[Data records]
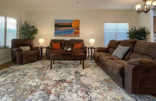Our home is the perfect escape for families, couples or friends. A three-minute walk to a large park with long stretches of greenbelts is perfect for an afternoon at the park, picnics under a tree, or a nice walk on one of the many walking paths located throughout the neighborhood. We are minutes away from Lake Pleasant Regional Park where you can rent boats, jet skis and paddle boards. Looking to get a hole in one? We are surrounded by beautiful golf courses including Quintero Golf Club. Only 25 minutes away from State Farm Stadium!
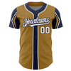 Custom Old Gold White-Navy 3 Colors Arm Shapes Authentic Baseball Jersey
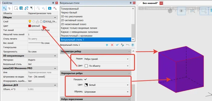 Разделы Параметры ребер и Перекрытые ребра отвечают за отображение видимых и скрытых ребер соответственно. Причем цвет ребер По объекту управляется через свойства элемента (см. рис. 13). Значение Изолинии можно увидеть на цилиндрическом или конусном объекте.
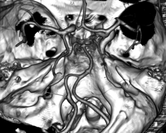 Рис. 5. КТ-ангиография головного мозга с 3D-реконструкцией. Стрелкой показана аневризма правой позвоночной артерии в интракраниальной части V4. / Fig. 5. Brain CT angiography with 3D reconstruction. The arrow indicates the right vertebral artery aneurysm in the intracranial part of V4.
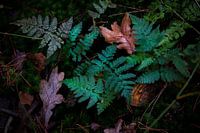 Prachtige bladeren samen met varens op de donkere bosgrond. Een groot contrast waardoor er een moody sfeer ontstaat. Ook het contrast qua kleur is groot, groene bladeren met bruine donkere bladeren.
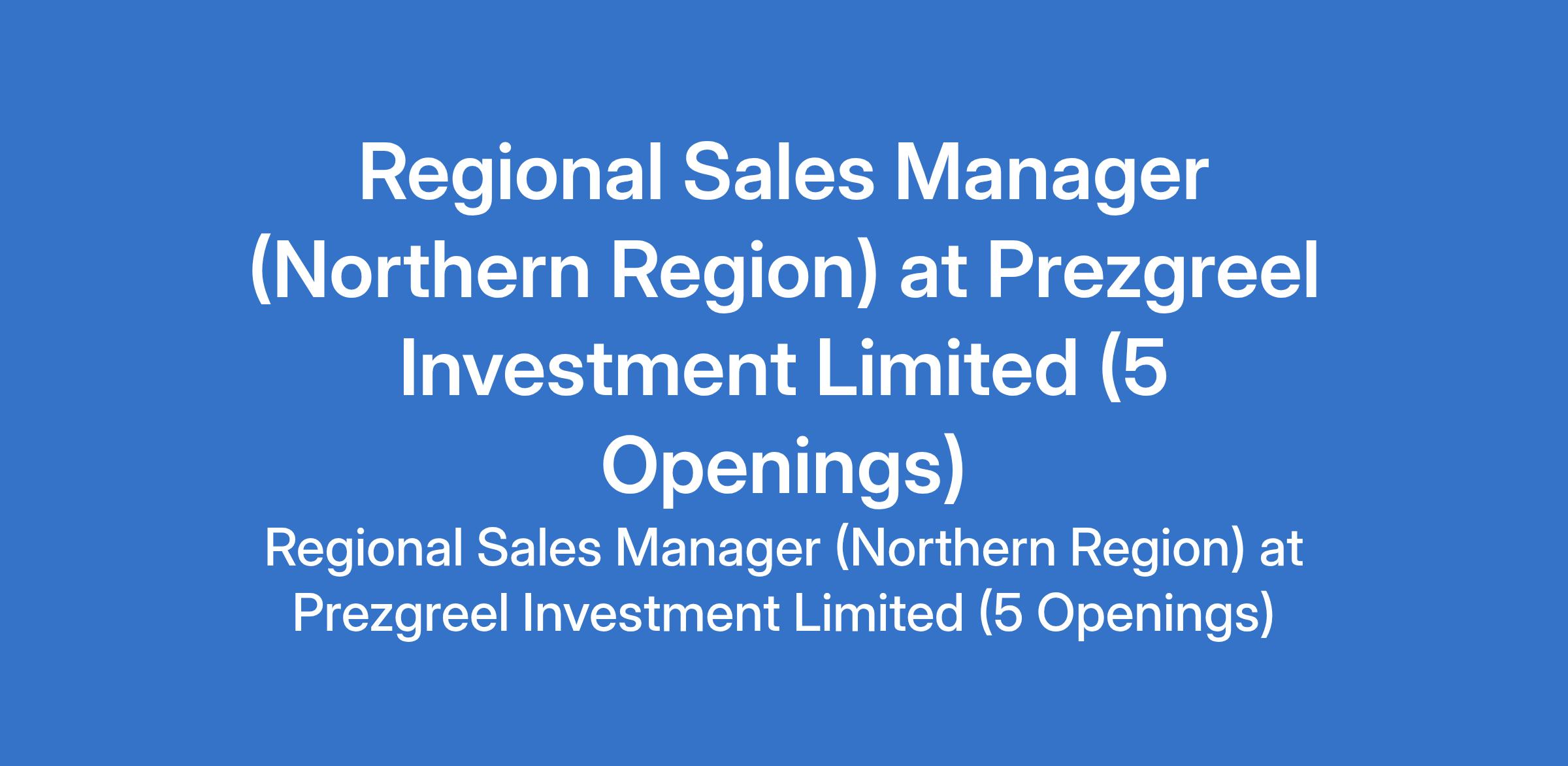 Prezgreel Investment Limited is recruiting to fill the position of: Regional Sales Manager (Northern Region). The position is located in Bauchi, Gombe, Kano, Sokoto and Yobe States. Interested candidates should possess a Bachelors Degree in Medical, Life Sciences, or related fields with a minimum of 5 years experience in medical or healthcare sales, with at least 2 years in a supervisory or managerial role and must be resident in any of the above listed locations and familiar with healthcare institutions in the region.
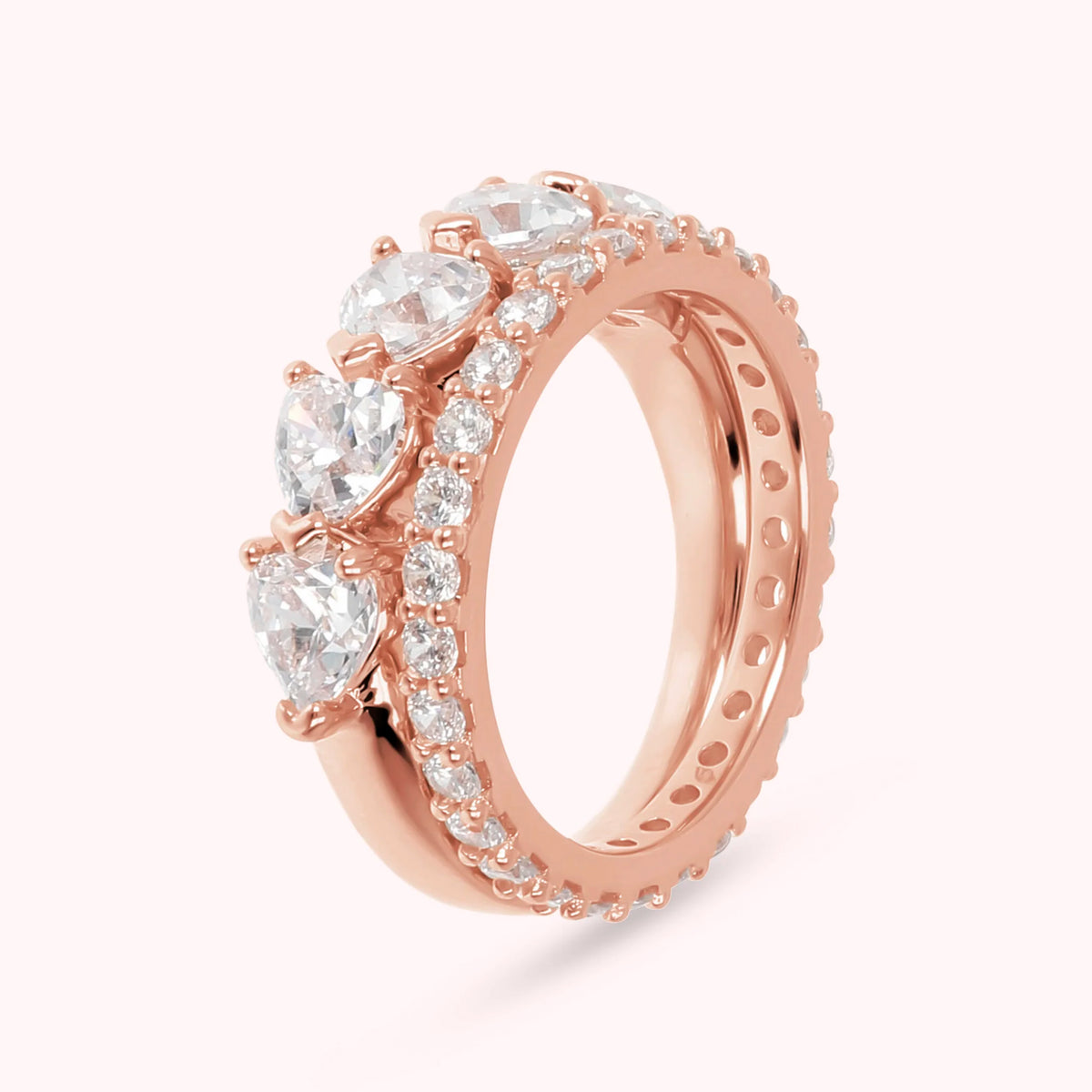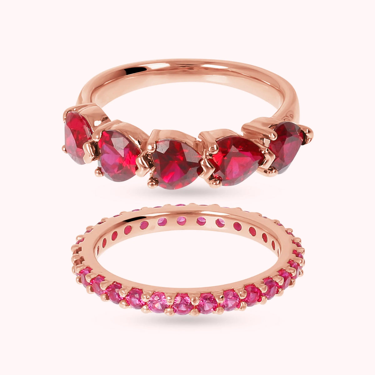 Set di anelli realizzati in lega Golden Rosé, placcati oro rosa 18kt. Il set è composto da un anello riviera con cuori realizzati in cubic zirconia di colore rosso, decorati con dei piccoli e raffinati zirconi bianchi e da un anello veretta interamente ricoperto da piccoli e raffinati zirconi bianchi. Creazione elegante, dal design perfetto per rendere unico il tuo look.

> _Prompt_:
Pictures are to be left out when the entries above are repeated exactly.

> _Exercise response_:
Our home is the perfect escape for families, couples or friends. A three-minute walk to a large park with long stretches of greenbelts is perfect for an afternoon at the park, picnics under a tree, or a nice walk on one of the many walking paths located throughout the neighborhood. We are minutes away from Lake Pleasant Regional Park where you can rent boats, jet skis and paddle boards. Looking to get a hole in one? We are surrounded by beautiful golf courses including Quintero Golf Club. Only 25 minutes away from State Farm Stadium!
 Custom Old Gold White-Navy 3 Colors Arm Shapes Authentic Baseball Jersey
 Разделы Параметры ребер и Перекрытые ребра отвечают за отображение видимых и скрытых ребер соответственно. Причем цвет ребер По объекту управляется через свойства элемента (см. рис. 13). Значение Изолинии можно увидеть на цилиндрическом или конусном объекте.
 Рис. 5. КТ-ангиография головного мозга с 3D-реконструкцией. Стрелкой показана аневризма правой позвоночной артерии в интракраниальной части V4. / Fig. 5. Brain CT angiography with 3D reconstruction. The arrow indicates the right vertebral artery aneurysm in the intracranial part of V4.
 Prachtige bladeren samen met varens op de donkere bosgrond. Een groot contrast waardoor er een moody sfeer ontstaat. Ook het contrast qua kleur is groot, groene bladeren met bruine donkere bladeren.
 Prezgreel Investment Limited is recruiting to fill the position of: Regional Sales Manager (Northern Region). The position is located in Bauchi, Gombe, Kano, Sokoto and Yobe States. Interested candidates should possess a Bachelors Degree in Medical, Life Sciences, or related fields with a minimum of 5 years experience in medical or healthcare sales, with at least 2 years in a supervisory or managerial role and must be resident in any of the above listed locations and familiar with healthcare institutions in the region.
 Set di anelli realizzati in lega Golden Rosé, placcati oro rosa 18kt. Il set è composto da un anello riviera con cuori realizzati in cubic zirconia di colore rosso, decorati con dei piccoli e raffinati zirconi bianchi e da un anello veretta interamente ricoperto da piccoli e raffinati zirconi bianchi. Creazione elegante, dal design perfetto per rendere unico il tuo look.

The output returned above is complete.